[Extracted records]

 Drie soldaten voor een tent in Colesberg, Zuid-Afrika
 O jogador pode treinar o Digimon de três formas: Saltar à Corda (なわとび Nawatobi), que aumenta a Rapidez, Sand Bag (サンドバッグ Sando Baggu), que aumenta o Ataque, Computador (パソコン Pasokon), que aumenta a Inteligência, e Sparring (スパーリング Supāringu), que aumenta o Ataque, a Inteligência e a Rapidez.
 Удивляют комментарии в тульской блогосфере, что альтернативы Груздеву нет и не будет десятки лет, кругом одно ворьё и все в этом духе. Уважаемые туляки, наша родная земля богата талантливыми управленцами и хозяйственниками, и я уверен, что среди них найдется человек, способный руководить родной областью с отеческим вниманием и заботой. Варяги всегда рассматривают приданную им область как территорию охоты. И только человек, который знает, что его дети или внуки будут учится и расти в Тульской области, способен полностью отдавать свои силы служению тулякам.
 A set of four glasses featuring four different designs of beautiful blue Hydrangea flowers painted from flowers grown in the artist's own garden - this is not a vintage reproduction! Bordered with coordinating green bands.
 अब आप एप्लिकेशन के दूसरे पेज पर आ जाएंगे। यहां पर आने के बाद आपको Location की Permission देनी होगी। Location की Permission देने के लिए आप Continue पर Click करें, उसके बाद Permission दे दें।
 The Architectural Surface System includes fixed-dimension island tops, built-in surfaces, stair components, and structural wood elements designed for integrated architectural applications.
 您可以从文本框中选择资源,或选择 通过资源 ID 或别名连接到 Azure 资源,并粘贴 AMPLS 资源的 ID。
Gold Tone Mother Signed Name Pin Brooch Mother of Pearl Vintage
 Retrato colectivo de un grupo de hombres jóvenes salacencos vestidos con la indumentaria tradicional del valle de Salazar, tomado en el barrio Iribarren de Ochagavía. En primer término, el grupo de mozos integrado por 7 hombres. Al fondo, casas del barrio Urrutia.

# Activity
Your answer should consist solely of the lines above from the line with "The Architectural Surface" to the line with "Gold Tone Mother", both included, reproduced exactly.

# Task response
 The Architectural Surface System includes fixed-dimension island tops, built-in surfaces, stair components, and structural wood elements designed for integrated architectural applications.
 您可以从文本框中选择资源,或选择 通过资源 ID 或别名连接到 Azure 资源,并粘贴 AMPLS 资源的 ID。
Gold Tone Mother Signed Name Pin Brooch Mother of Pearl Vintage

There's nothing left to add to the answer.